* [Problem] All of the data should be restated word for word, with the pictures omitted.

* [Supplied information]
========================
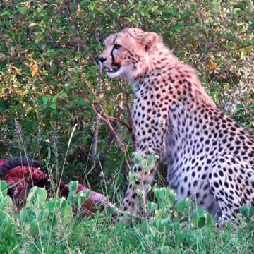 Bloody Cheetah sitting next to a kill and looking around on bushveld MLS
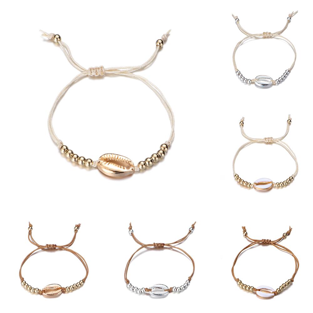 Шарм Подарок Ручная работа Золото Серебро Этническое плетение Веревочные браслеты Богемия Регулируемые браслеты с ракушками
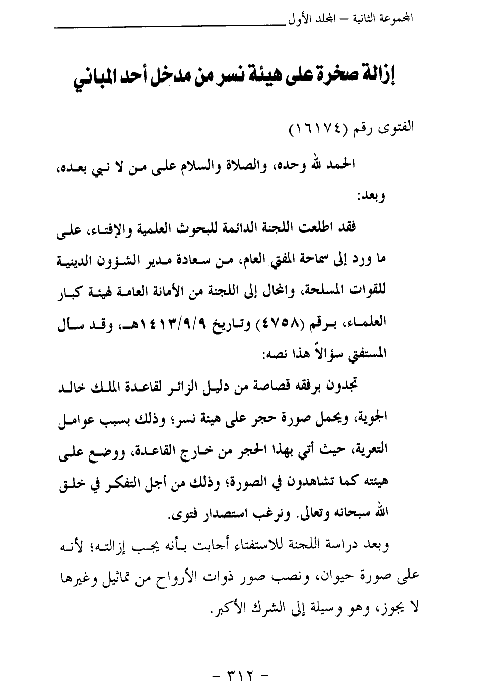 وبعد دراسة اللجنة للاستفتاء أجابت بأنه يجب إزالته؛ لأنه على صورة حيوان، ونصب صور ذوات الأرواح من تماثيل وغيرها لا يجوز، وهو وسيلة إلى الشرك الأكبر.
========================
* [Result for this exercise]
 Bloody Cheetah sitting next to a kill and looking around on bushveld MLS
 Шарм Подарок Ручная работа Золото Серебро Этническое плетение Веревочные браслеты Богемия Регулируемые браслеты с ракушками
 وبعد دراسة اللجنة للاستفتاء أجابت بأنه يجب إزالته؛ لأنه على صورة حيوان، ونصب صور ذوات الأرواح من تماثيل وغيرها لا يجوز، وهو وسيلة إلى الشرك الأكبر.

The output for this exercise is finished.